START INPUT DATA

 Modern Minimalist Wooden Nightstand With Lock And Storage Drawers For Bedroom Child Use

END INPUT DATA
START INPUT DATA

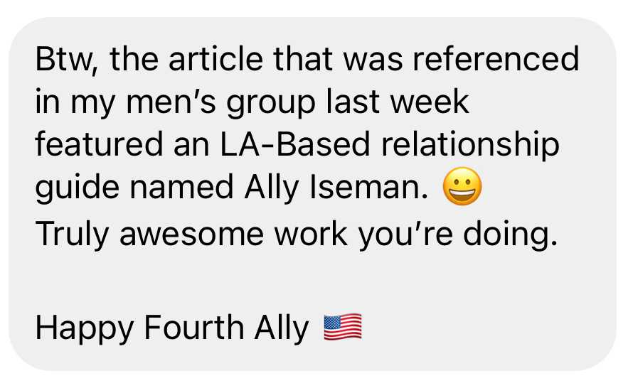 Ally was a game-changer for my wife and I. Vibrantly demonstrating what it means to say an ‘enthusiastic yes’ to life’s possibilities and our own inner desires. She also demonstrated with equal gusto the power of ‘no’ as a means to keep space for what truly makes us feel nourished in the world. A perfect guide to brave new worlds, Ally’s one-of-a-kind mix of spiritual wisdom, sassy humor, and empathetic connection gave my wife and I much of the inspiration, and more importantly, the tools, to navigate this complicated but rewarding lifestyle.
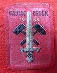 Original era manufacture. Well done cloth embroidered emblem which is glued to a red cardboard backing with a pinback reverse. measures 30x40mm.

END INPUT DATA
START INPUT DATA

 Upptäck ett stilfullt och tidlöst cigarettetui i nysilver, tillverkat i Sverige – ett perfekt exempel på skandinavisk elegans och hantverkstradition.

END INPUT DATA

(THE PROBLEM)
Print exactly, with no pictures, the lines above from the one that holds "Ally was a game-changer" through the one that holds "Original era manufacture.", both of them included.

(WRITTEN REPLY)
 Ally was a game-changer for my wife and I. Vibrantly demonstrating what it means to say an ‘enthusiastic yes’ to life’s possibilities and our own inner desires. She also demonstrated with equal gusto the power of ‘no’ as a means to keep space for what truly makes us feel nourished in the world. A perfect guide to brave new worlds, Ally’s one-of-a-kind mix of spiritual wisdom, sassy humor, and empathetic connection gave my wife and I much of the inspiration, and more importantly, the tools, to navigate this complicated but rewarding lifestyle.
 Original era manufacture. Well done cloth embroidered emblem which is glued to a red cardboard backing with a pinback reverse. measures 30x40mm.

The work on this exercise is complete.